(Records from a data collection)
================================

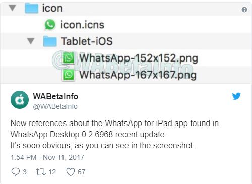 Facebook, società proprietaria di WhatsApp, in quel periodo ha aggiornato il servizio nella versione desktop, e sembrerebbe aver aggiunto icone per iPad (si legge la dicitura “Tablet iOS”).
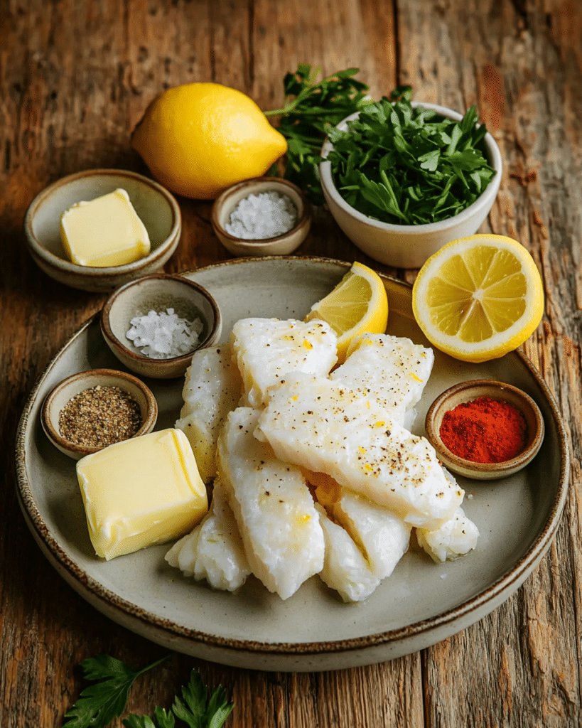 Fresh cod fillets are ideal because they are mild, flaky, and take on flavors beautifully. Unsalted butter allows better control over seasoning and adds luxurious richness to the dish. Garlic powder and onion powder bring subtle depth and aromatic warmth to the seasoning mix. Paprika adds a hint of smoky sweetness and beautiful color to the cod. Salt and black pepper are essential for enhancing all the natural flavors. Freshly squeezed lemon juice brightens the dish and cuts through the richness of the butter. Chopped fresh parsley adds a fresh, herbaceous finish and a pop of vibrant green color.
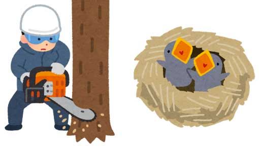 ・野鳥の営巣や希少種がないか、調査してから伐採する
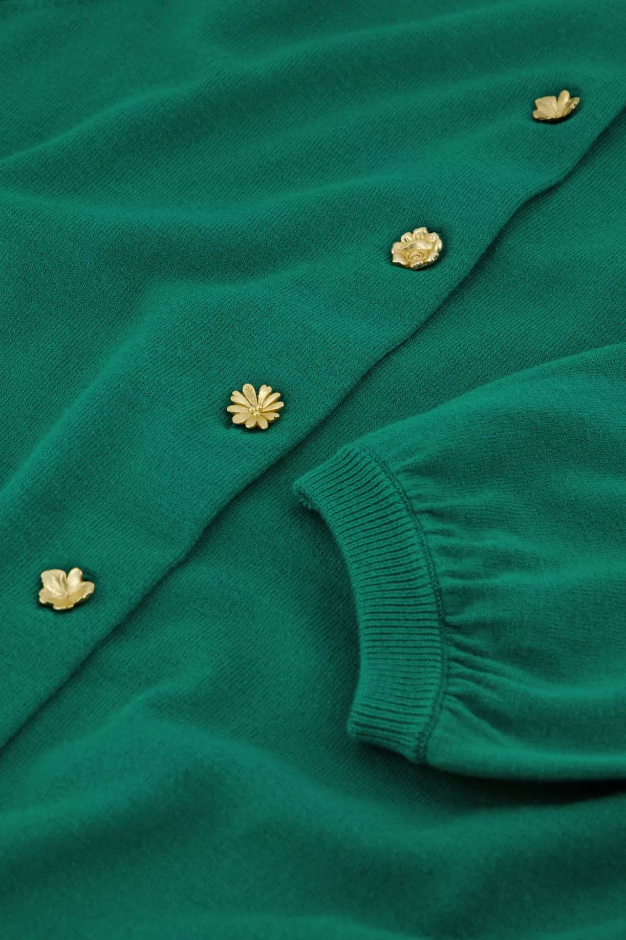 Dit klassiek gebreide dames vest in donkergroen heeft elegante gouden bloemknopen aan de voorkant en lange mouwen. Gemaa…
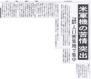 米軍機の苦情突出/本県が7割超/人口密集地で集中
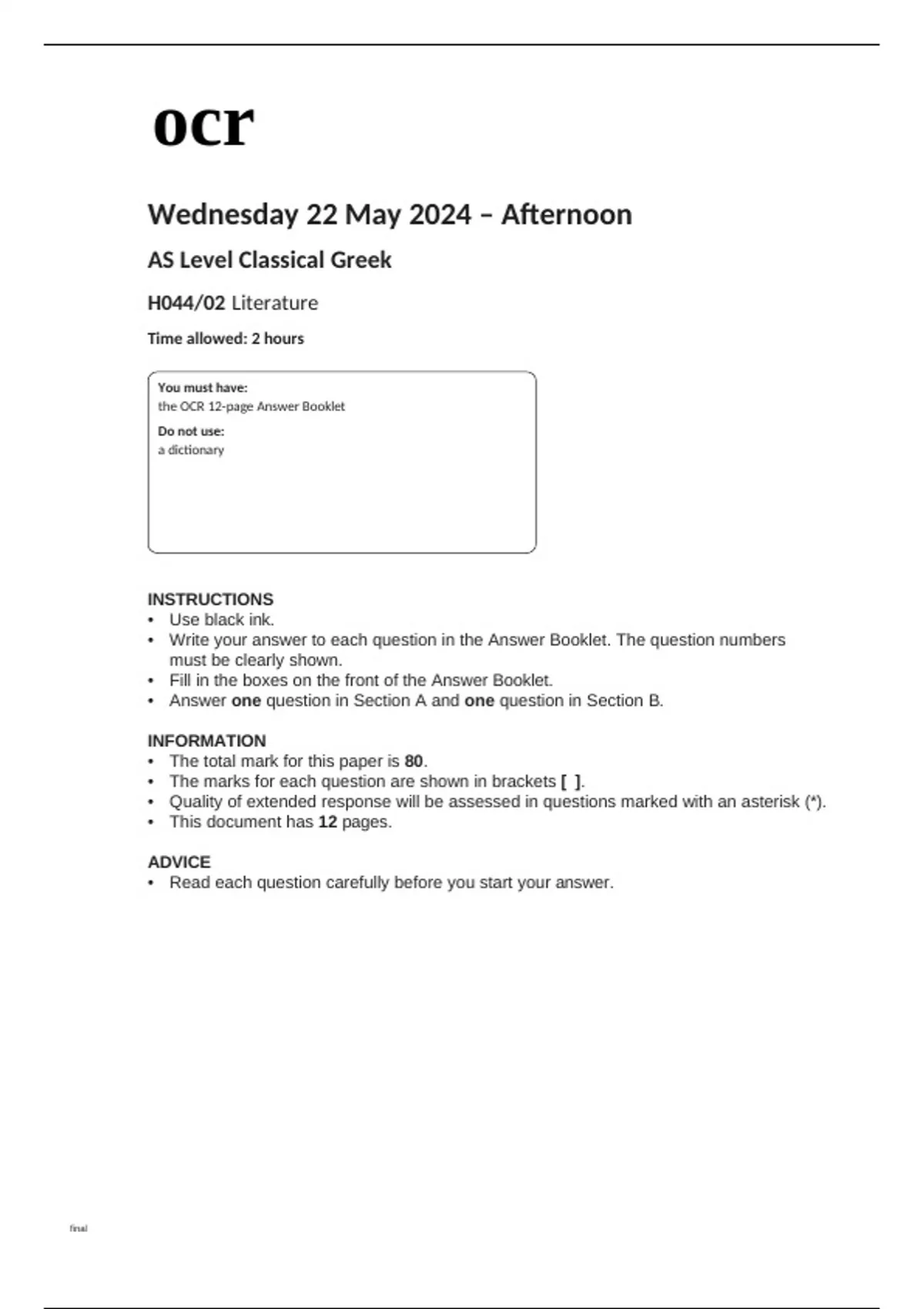 ocr AS Level Classical Greek (H044-02) Question Paper May2024.

================================

Exercise instructions: All of the lines above must be printed again exactly, and no picture may appear in the copy.

Your solution:
 Facebook, società proprietaria di WhatsApp, in quel periodo ha aggiornato il servizio nella versione desktop, e sembrerebbe aver aggiunto icone per iPad (si legge la dicitura “Tablet iOS”).
 Fresh cod fillets are ideal because they are mild, flaky, and take on flavors beautifully. Unsalted butter allows better control over seasoning and adds luxurious richness to the dish. Garlic powder and onion powder bring subtle depth and aromatic warmth to the seasoning mix. Paprika adds a hint of smoky sweetness and beautiful color to the cod. Salt and black pepper are essential for enhancing all the natural flavors. Freshly squeezed lemon juice brightens the dish and cuts through the richness of the butter. Chopped fresh parsley adds a fresh, herbaceous finish and a pop of vibrant green color.
 ・野鳥の営巣や希少種がないか、調査してから伐採する
 Dit klassiek gebreide dames vest in donkergroen heeft elegante gouden bloemknopen aan de voorkant en lange mouwen. Gemaa…
 米軍機の苦情突出/本県が7割超/人口密集地で集中
 ocr AS Level Classical Greek (H044-02) Question Paper May2024.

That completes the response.